Department of Anesthesiology and Pain Medicine, Department of Genome Sciences, Mitochondrial and Metabolism Center, University of Washington, Seattle, Washington.
Department of Anesthesia Critical Care & Pain Medicine, Massachusetts General Hospital, Boston, Massachusetts; Harvard Medical School, Boston Massachusetts.
Anesthesiology. 2024 Nov 1;141(5):997-1006. doi: 10.1097/ALN.0000000000005153.

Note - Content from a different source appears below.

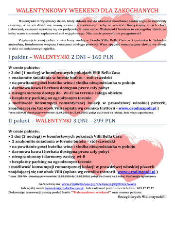 WALENTYNKOWY WEEKEND DLA ZAKOCHANYCH Walentynki to wyjątkowy dzień, który skłania nas do okazania ukochanej osobie tego, co naprawdę czujemy, a na co dzień nie mamy czasu i sposobności, żeby to wyrazić. Korzystajmy z tych chwil i słowami, czynami wyraźmy to, co podpowiada nam serce. Walentynki bowiem to szczególny dzień, na który warto starannie zaplanować coś wyjątkowego. Nie macie pomysłu co przygotować? Zaplanujcie swój pobyt z ukochaną osobą w hotelu Villa Bella Casa w Łomiankach. Subtelna atmosfera, komfortowe wnętrza i uczynna obsługa pozwolą Wam spędzić romantyczne chwile we dwoje z dala od codziennego zgiełku. I pakiet – WALENTYNKI 2 DNI – 160 PLN W cenie pakietu: • 2 dni (1 nocleg) w komfortowych pokojach Villi Bella Casa • znakomite śniadania w formie bufetu – stół szwedzki • na powitanie gości butelka wina i słodka niespodzianka w pokoju • darmowa kawa i herbata dostępna przez cały pobyt • nieograniczony dostęp do Wi-Fi na terenie całego obiektu • bezpłatny parking na ogrodzonym terenie • możliwość konsumpcji romantycznej kolacji w prawdziwej włoskiej pizzerii, znajdującej się tuż obok Villi (oplata wg cennika trattorii - www.orodinapoli.pl ) *cena 160 PLN obowiązuje w terminie 12.02.2016 do 15.02.2016 ( pobyt dla 2 osób na I dobę). Ilość miejsc ograniczona. II pakiet – WALENTYNKI 3 DNI – 299 PLN W cenie pakietu: • 3 dni (2 noclegi) w komfortowych pokojach Villi Bella Casa • 2 znakomite śniadania w formie bufetu – stół szwedzki • na powitanie gości butelka wina i słodka niespodzianka w pokoju • darmowa kawa i herbata dostępna przez cały pobyt • nieograniczony i darmowy zasięg wi-fi • bezpłatny parking na ogrodzonym terenie • możliwość konsumpcji romantycznej kolacji w prawdziwej włoskiej pizzerii, znajdującej się tuż obok Villi (oplata wg cennika trattorii- www.orodinapoli.pl ) * cena 299 PLN obowiązuje w terminie 12.02.2016 do 15.02.2016 ( pobyt dla 2 osób na 2 doby). Ilość miejsc ograniczona. Zarezerwuj na www.villabellacasa.pl/rezerwacja.php#rezerwacja lub wyślij maila [email protected] lub zadzwoń pod numer telefonu 693 17 17 17 Dokonując rezerwacji proszę podać hasło "Walentynkowy weekend" oraz numer pakietu. Szczęśliwych Walentynek!!!!

Most of science involves making observations, forming hypotheses, and testing those hypotheses, to form valid conclusions. However, a distinct, longstanding, and very productive scientific approach does not follow this paradigm; rather, it begins with a screen through a random collection of drugs or genetic variations for a particular effect or phenotype. Subsequently, the identity of the drug or gene is determined, and only then are hypotheses formed and the more standard scientific method employed. This alternative approach is called forward screening and includes methods such as genetic mutant screens, small molecule screens, metabolomics, proteomics, and transcriptomics. This review explains the rational for forward screening approaches and uses examples of screens for mutants with altered anesthetic sensitivities and for novel anesthetics to illustrate the methods and impact of the approach. Forward screening approaches are becoming even more powerful with advances in bioinformatics aided by artificial intelligence.
大多数科学研究包括观察、形成假设和检验假设,以形成有效的结论。然而,有一种独特的、长期存在的、非常有成效的科学方法并不遵循这一模式;相反,它从对特定效应或表型的随机药物或遗传变异的筛选开始。随后,确定药物或基因的身份,然后才形成假设并采用更标准的科学方法。这种替代方法称为正向筛选,包括遗传突变体筛选、小分子筛选、代谢组学、蛋白质组学和转录组学等方法。这篇综述解释了正向筛选方法的合理性,并以改变麻醉敏感性的突变体和新型麻醉剂的筛选为例,说明了这种方法的方法和影响。随着人工智能辅助的生物信息学的进步,正向筛选方法变得更加强大。